I agree, we discussed it somewhere here but there are too many comments and I can't find it anymore. Long story short - right now we use 300ms for the stop gap, I say we use the same value here.

Yeah, 300 sounds good too me, I had the same concern.

MAX_STORED_SCORES_PER_PARA .. looks unnecessary low?

Atm this is 150 collators per parachain. Isn't it enough? Keeping too much scores sounds wasteful to me.

No chains have that many now, but who knows. If it happens, it would be a hassle to upgrade since you need to upgrade validators. Having a higher value here does not cost us anything now.

INVALID_COLLATION_SLASH ... is there any reason this can happen honestly ... if not, I think we can punish more - essentially bring it back to 0 immediately.

Not sure we can make a distinction between a bug and malicious behaviour. I'd go for maximum punishment vs FAILED_FETCH_SLASH which should be less of punishment.

@tdimitrov
Copy link
Contributor

Please have a look at 5505d51

What it does:

  • VALID_INCLUDED_CANDIDATE_BUMP: 50 -> 100
  • MAX_STORED_SCORES_PER_PARA: 150 -> 1000
  • INSTANT_FETCH_REP_THRESHOLD: 1000 -> 1800
  • UNDER_THRESHOLD_FETCH_DELAY: 1000ms -> 300ms
  • MIN_FETCH_TIMER_DELAY: 500ms -> 150ms

The main motivation for the parameters change is to make sure the setup can handle 100 collators (here I've shown why 50 is the max).
The most straightforward way was to make INACTIVITY_DECAY 0.5 but I wanted to avoid playing with rational numbers so instead I've bumped the score a collator gets for submitting a valid collation. This gave a nice "Time to reach threshold" curve similar to the one with INACTIVITY_DECAY=0.5 but shifted downwards, meaning that the collator will reach the instant fetch threshold two times faster (for ~2mins instead of 4). So to keep the initial behaviour (~4mins) I've bumped INSTANT_FETCH_REP_THRESHOLD to 1800.

The results:

Time to reach treshold score

The yellow line is the implemented behaviour. Blue - the current one. Red - the one where the only change is decay=0.5.

And for completeness the 'net score' - in theory we sholud be able to handle 100 collators but the time to reach the threshold score is 6 hours:

chart

Copy link
Member

@eskimor eskimor left a comment

Choose a reason for hiding this comment

The reason will be displayed to describe this comment to others. Learn more.
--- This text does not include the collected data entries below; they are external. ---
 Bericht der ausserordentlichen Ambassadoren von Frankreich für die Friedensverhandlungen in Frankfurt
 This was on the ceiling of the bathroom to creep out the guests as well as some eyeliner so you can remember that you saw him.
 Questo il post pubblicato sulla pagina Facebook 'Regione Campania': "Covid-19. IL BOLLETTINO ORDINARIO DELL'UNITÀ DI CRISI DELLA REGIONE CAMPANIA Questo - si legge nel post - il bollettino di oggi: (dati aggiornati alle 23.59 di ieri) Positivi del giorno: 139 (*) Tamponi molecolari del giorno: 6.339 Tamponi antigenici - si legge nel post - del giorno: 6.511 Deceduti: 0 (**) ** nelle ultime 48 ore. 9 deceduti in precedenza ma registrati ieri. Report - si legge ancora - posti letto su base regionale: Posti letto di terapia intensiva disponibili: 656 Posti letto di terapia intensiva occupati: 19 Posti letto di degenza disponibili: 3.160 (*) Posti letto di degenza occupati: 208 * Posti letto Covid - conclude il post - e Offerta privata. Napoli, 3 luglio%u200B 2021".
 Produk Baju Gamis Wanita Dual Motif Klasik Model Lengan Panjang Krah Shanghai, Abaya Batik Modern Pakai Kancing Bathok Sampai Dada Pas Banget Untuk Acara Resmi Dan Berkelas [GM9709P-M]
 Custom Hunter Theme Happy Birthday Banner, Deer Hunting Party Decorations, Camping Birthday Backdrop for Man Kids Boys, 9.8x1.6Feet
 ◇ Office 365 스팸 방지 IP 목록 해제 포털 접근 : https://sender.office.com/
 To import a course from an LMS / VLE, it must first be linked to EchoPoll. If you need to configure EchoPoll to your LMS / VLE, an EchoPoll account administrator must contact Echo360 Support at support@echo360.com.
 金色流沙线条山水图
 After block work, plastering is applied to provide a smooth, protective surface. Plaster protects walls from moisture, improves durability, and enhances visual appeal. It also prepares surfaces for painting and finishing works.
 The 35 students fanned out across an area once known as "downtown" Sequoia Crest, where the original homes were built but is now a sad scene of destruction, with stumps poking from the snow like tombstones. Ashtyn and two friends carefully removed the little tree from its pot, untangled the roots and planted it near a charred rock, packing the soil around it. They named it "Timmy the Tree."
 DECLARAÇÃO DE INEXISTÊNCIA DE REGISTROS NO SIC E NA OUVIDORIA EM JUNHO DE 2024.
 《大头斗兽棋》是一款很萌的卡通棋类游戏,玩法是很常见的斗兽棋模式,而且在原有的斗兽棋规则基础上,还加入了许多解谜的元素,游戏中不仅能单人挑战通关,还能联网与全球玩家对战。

There is an issue with the fetch logic: We prioritize time over reputation. If an anonymous peer sent us a collation and the fetch delay elapsed, we will fetch the anonymous peer collation, instead of any that might have arrived which already have some reputation.

The idea of the delay was to give higher rep collators a chance to make the validator aware, before it is already busy with processing a garbage collation from an anonymous dude. What we have instead: Yes we already learned about a better peer, but we ignore him regardless.

It also seems meaningless to track reputation among peers < instant_fetch_threshold, as we will fetch the earliest peer regardless anyways. I think the logic can be significantly simplified and improved.

E.g. instead of delay from receiving the first advertisement, we wait for e.g. 300ms from the time we received the scheduling/relay parent and then simply sieve through advertisements and pick the highest rep. If we want to be fancy, what we could do is adjust the delay dynamically: Something like: Total wait == 300ms * (1-highest received rep/max rep).

So if we are 150ms for example in, when we receive a max_rep/2 advertisement we would stop immediately - and take that. If we receive highest_possible_rep advertisement immediately after the leaf - there is no point to wait at all, nothing better will come.

The idea would be that we just add some delay after having seen the scheduling parent/leaf, we account for global network latency - so high rep, but far away collators have the same chances. We just make it an even play ground for everybody, but we would not add additional latency for a single advertisement that came in already quite late.

@eskimor
Copy link
Member

eskimor commented Jan 14, 2026

I think I found another issue, a race: If a collator provides a collation for a leaf that is about to go out of scope, it would not receive a punishment for providing an invalid collation, because by the time we receive the invalid message from backing, we already removed the peer state.

@sandreim
Copy link
Contributor

There is an issue with the fetch logic: We prioritize time over reputation. If an anonymous peer sent us a collation and the fetch delay elapsed, we will fetch the anonymous peer collation, instead of any that might have arrived which already have some reputation.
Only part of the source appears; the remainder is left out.